After being arrested twice in a row in November 1982 (read part 1 our #OurStoryisOne here if you missed it), Roya and her mother were transferred from Sepah to Adelabad prison on 4 January 1983, with her father following some time later.
Roya was kind to all her fellow inmates regardless of their beliefs or the alleged “crimes”. There was a sickly old woman in prison nicknamed called Mama Maryam who had been charged with murder. Nobody visited her, so Roya went to her cell and took care of her. She fed her and even managed to get her medication. Mama Maryam later recovered and was released after being found innocent of her alleged “crimes”.
Because of her religious beliefs, the prison authorities considered Roya to be an unbeliever, and thus “unclean” and she was subjected to humiliating treatment similar to that of atheist political prisoners. Prison wardens refused to have any physical contact with her even when, for example, they were guiding her blindfolded to the interrogation room. In such cases, guards would give her the end of a folded newspaper and hold the other end, avoiding contact.
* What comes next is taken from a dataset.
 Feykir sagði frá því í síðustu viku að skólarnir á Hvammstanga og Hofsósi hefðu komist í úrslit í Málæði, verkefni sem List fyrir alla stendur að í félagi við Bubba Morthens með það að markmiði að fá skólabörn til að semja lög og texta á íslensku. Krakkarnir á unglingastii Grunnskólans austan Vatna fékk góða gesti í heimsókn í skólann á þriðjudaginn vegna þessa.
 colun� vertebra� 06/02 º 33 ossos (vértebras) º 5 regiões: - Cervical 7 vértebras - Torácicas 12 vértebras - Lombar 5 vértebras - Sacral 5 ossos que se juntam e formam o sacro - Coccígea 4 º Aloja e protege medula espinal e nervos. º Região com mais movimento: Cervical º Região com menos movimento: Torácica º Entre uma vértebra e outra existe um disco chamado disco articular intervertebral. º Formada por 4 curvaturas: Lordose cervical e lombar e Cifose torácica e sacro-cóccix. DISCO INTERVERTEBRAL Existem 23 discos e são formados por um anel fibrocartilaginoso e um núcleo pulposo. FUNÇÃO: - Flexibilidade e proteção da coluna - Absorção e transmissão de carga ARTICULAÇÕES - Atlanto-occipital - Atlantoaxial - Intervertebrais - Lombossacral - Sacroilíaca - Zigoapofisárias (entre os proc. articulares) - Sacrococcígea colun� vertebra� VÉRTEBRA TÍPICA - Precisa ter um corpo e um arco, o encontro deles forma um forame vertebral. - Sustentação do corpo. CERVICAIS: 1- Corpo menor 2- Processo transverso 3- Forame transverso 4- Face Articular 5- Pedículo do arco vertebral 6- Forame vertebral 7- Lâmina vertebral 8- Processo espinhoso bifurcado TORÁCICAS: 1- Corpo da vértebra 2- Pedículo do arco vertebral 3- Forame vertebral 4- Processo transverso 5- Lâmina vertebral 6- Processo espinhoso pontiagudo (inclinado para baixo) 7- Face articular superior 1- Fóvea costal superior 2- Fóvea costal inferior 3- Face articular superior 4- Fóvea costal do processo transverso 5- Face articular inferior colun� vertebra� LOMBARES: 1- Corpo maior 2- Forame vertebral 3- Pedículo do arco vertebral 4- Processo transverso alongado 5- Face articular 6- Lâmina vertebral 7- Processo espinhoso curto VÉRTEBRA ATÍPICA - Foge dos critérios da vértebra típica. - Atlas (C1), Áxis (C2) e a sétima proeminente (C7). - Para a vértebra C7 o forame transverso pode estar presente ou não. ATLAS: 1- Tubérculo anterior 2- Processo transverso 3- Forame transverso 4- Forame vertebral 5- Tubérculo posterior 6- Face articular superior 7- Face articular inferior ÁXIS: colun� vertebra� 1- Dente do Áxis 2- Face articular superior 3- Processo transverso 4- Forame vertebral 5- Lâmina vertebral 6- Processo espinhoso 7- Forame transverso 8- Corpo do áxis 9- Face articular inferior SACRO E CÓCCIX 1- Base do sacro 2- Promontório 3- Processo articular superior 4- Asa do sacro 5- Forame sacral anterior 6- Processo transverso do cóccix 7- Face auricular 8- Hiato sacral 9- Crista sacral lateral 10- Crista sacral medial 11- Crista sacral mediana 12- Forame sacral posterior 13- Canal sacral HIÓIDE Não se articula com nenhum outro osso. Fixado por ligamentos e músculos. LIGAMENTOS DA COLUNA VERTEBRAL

To be honest, I’m kind of grateful for this belief, however ignorant it may be; it prevented other things from happening, let’s leave it at that.
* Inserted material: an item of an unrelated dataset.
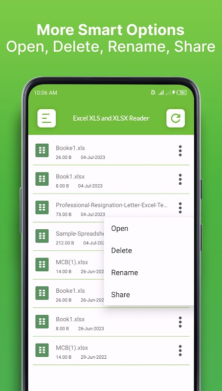 Word, excel ve ppt kullanan bir profesyonel veya Öğrenci olmak, o zaman bu xlsx okuyucu onlar içindir. Kullanıcı, akıllı telefonunun dahili belleğinde depolanan xlsx belgelerini veya hatta indirilen Xlsx biçimindeki dosyaları açabilir. XLSX hesap tablosu çok basit ve kullanımı kolaydır. XLS Dosya Görüntüleyici uygulaması, bu dosya açıcı uygulaması aracılığıyla görev listesini, çizelgeleri, bütçe listesini yönetmek için çizelgeler ve elektronik tablolar oluşturmayı destekler. Xlsx Dosya okuyucu ve görüntüleyici ücretsiz ve hafif bir uygulamadır. Bu Xls ve xlsx formatındaki dosyalara kolayca erişebilirsiniz.
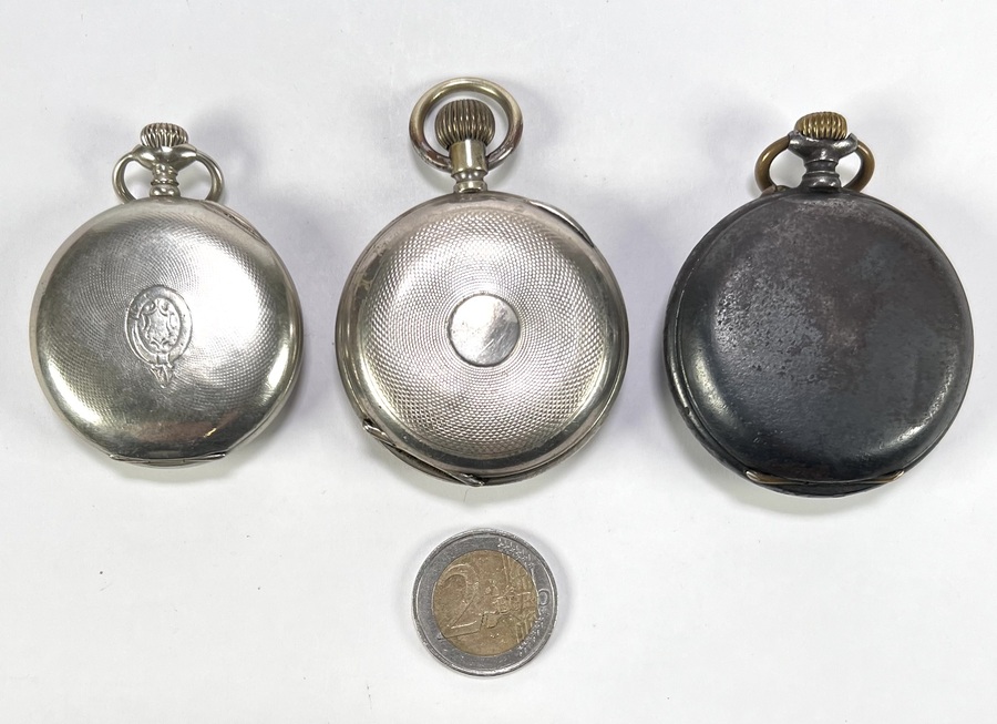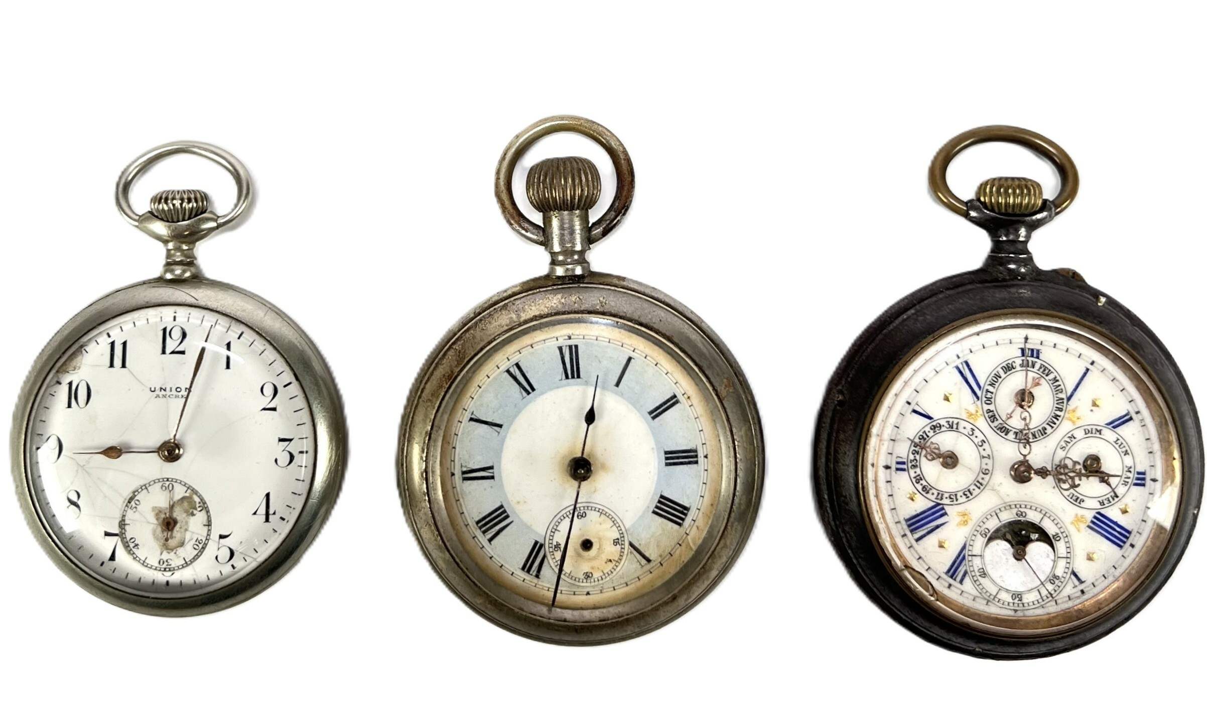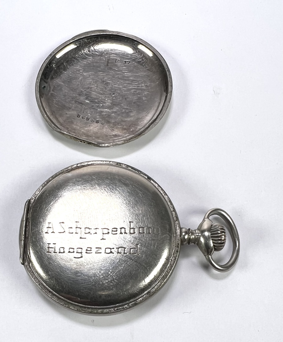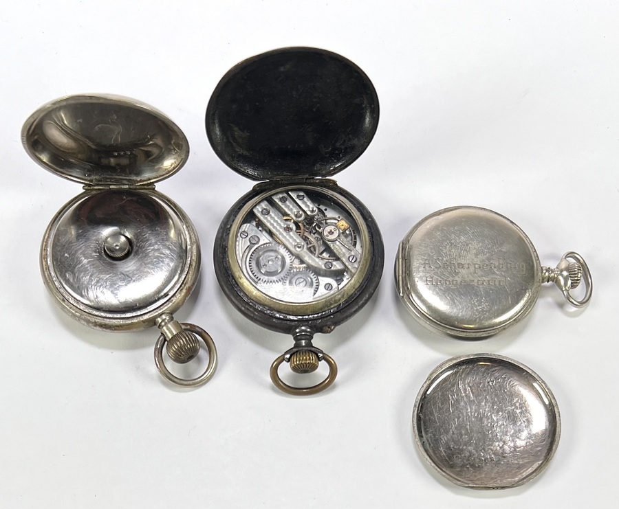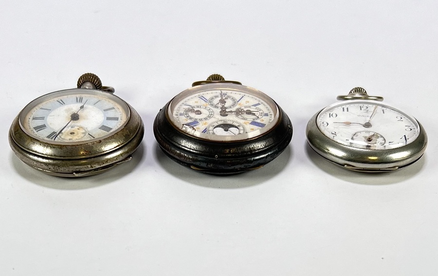 Drie antieke mechanische zakhorloges, vervaardigd uit wit metaal, circa 1890–1920. Een zakhorloge is een Triple Calendar Moonphase met complexe aanduidingen en een blauw gedecoreerde wijzerplaat, een horloge draagt de inscriptie "A Scherpenborg Hoogezand". Geïnteresseerd? Bezoek onze kijkdagen op 28, 29 of 30 november van 11:00 tot 17:00 uur! |

Unfortunately, it didn’t prevent other forms of torture. It seems like the focus of the prison authorities was to convince the Eshraghis to recant their Faith. The Eshraghi family were blindfolded and interrogated together. By humiliating and insulting one member of the family, the interrogators tried to put pressure on other members. They often invented false quotations from one member of the family and told it to another member. On 2 December 1982, Roya was even subjected to a mock execution.
One day, when Roya was walking in the prison yard, a voice over the loudspeaker summoned her. The guards, who were standing close to her mother Ezzat, spoke in a way that Roya would hear them. They said that her mother had been taken to be whipped. They blindfolded Roya and took her to a room where they kept her for four hours while the interrogator repeatedly came to the room and threatened her with torture and execution. She was told that her parents had renounced the Bahá’í faith and if she did the same, all three of them would be released immediately. Spoiler alert: They were lying; the parents hadn’t recanted, and Roya didn’t recant, even when the interrogator threatened to whip her.
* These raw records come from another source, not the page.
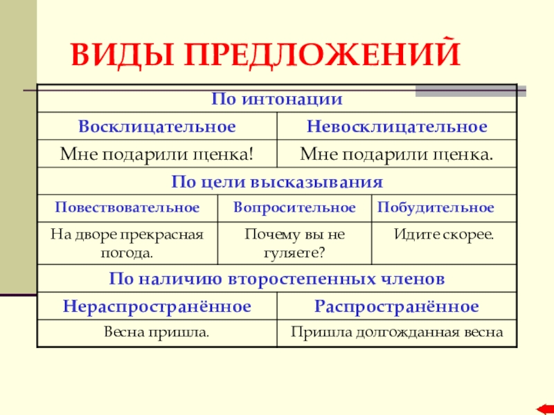 ВИДЫ ПРЕДЛОЖЕНИЙ
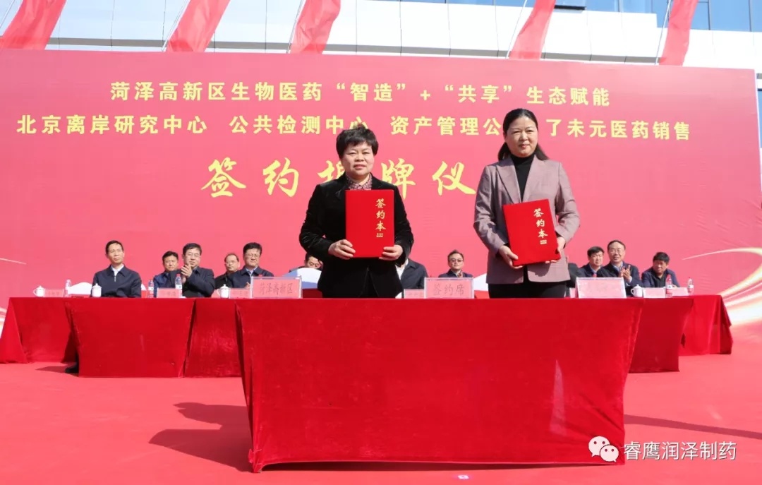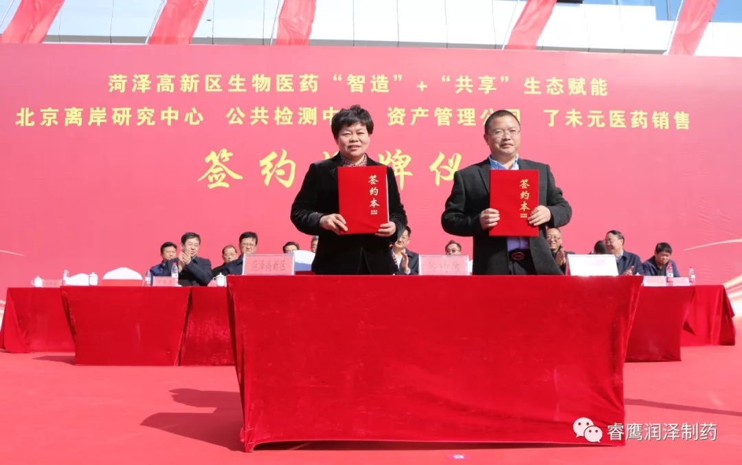 在儀式中,菏澤高新區(qū)黨工委副書(shū)記、管委會(huì)常務(wù)副主任馮艷麗分別與山東了未元醫(yī)藥銷(xiāo)售公司總經(jīng)理曾凡洪先生,山東海潤(rùn)資產(chǎn)運(yùn)營(yíng)管理有限公司總經(jīng)理龐艷玲女士簽約。
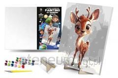 "Zestaw paint-by-numbers (malowanie po numerach) składa się z zagruntowanego płótna artystycznego na blejtramie, zestawu wysokiej jakości farb akrylowych odpornych na ścieranie i przypalanie o objętości 2,5ml 9% każda, nylonowych pędzli różnej wielkości, drewnianego stojaka oraz arkusza kontrolnego.\nOSTRZEŻENIE! Przed użyciem należy dokładnie zapoznać się z instrukcją i zasadami bezpieczeństwa, wyjaśnić dzieciom ich treść.\nZachowaj instrukcję i przestrzegaj zasad bezpieczeństwa. Niewłaściwe użycie zestawu może prowadzić do obrażeń i uszczerbku na zdrowiu.
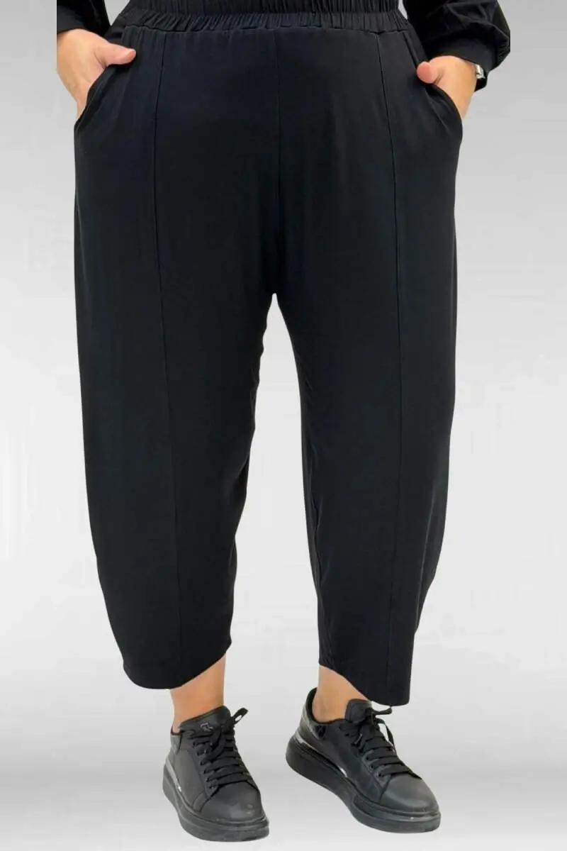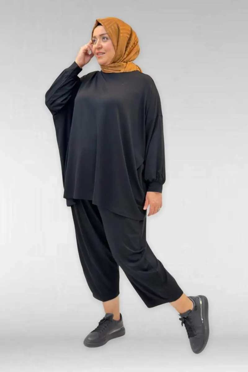 67037 Büyük Beden Düşük Kol Penye Pantolonlu Takım - Siyah
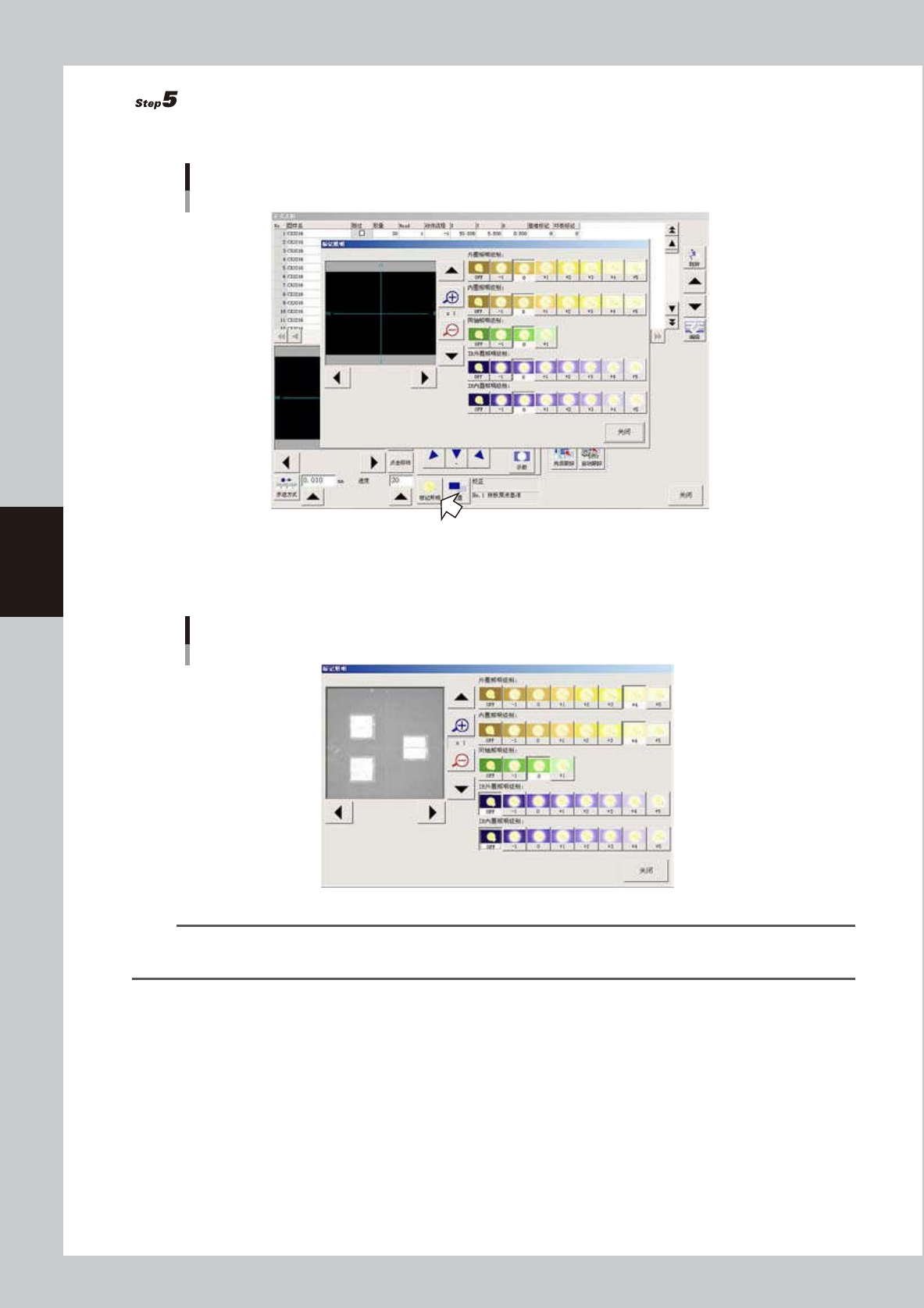 4-8 4 有 效 利 用 各 种 功 能 调 节 标 记 照 明 。 如 果 监 控 屏 上 没 有 显 示 目 标 物 时 , 按 [ 标 记 照 明 ] 按 钮 , 调 节 照 明 级 别 。 打开“标记照明”画面 66 40 8 -N 7- 00 外 圈 照 明 级 别 与 内 圈 照 明 级 别 为 O F F 或 0 时 , 改 为 + 4 , 确 认 监 控 屏 上 的 目 标 物 或 标 记 。 同 轴 照 明 设 …

Roya was put on trial; her cellmate shares how Roya described the trial to her: “After the indictment was read, [Judge] Hojatoleslam Ghazaei asked me to choose between Islam and a death sentence. I smiled and said ‘I accept Islam but I am a Baha’i.’ ‘Get lost!’ the judge said angrily. I left, but suddenly I remembered that I had not said goodbye, so I opened the door again and said ‘Sorry, sir, to waste your time. Goodbye!’ Mr. Ghazaei became even angrier and as he was grinding his teeth he said ‘Get out! Out!’” I don’t know why, but the thought of a judge getting so worked up over a young woman’s politeness amuses me to no end.
On 16 June 1983, Roya’s father, aged 62, was executed by hanging, together with five other Bahá’ís. Two days later, during a visit, Roya and her mother learned about his execution. On their way back to the ward, Roya, her mother, and eight other Bahá’í women were separated from other prisoners and were told to board a minibus. They were taken to Chogan Square, where they were hung, one at a time. Roya was forced to watch as the other women were hanged. When her turn came, she was given a final chance to recant her faith; when she refused, she was hanged.
The authorities probably buried her along with the other executed Baha’is in the Baha’i cemetery of Shiraz, without washing her or observing any other burial custom. They also did not inform the rest of the family of her execution. Her family learned of the execution accidentally and was not allowed to bury her body.
Nahid Eshraghi, Roya’s sister, once said: “The news that my family, all three of them, have been executed together, was like my head had suddenly been hit with a sledgehammer. I could not eat for days. My body rejected everything and I was in total shock. But today, I feel better, because my family stood by their beliefs until the last moment of their lives and taught me, their children and thousands of others, to never submit to tyranny and injustice, even if one has to pay with their lives. Great causes demand great sacrifices.”
Four months after Roya’s execution, the Revolutionary Court confiscated her family’s home. Their remaining daughter appealed without success. In 1992, this house and few others around it were razed to the ground and the land sold. Currently a multi-story residential building – called the “Delta” building – stands on the confiscated land of Eshraghi family.
While the focus is on Roya and her mother, both of whom were imprisoned and executed together, I always pause to think about Rosita and what she must have gone through. Her three older siblings abroad and calling her over 1980s landlines, alone in her family home, dealing with an institution that was unkind, to say the least, towards Bahá’ís—it must not have been easy, being left behind, in so many ways. And so, a thought and a prayer always go to her, because although she wasn’t executed that day, in many ways, her life ended alongside that of her parents and sister.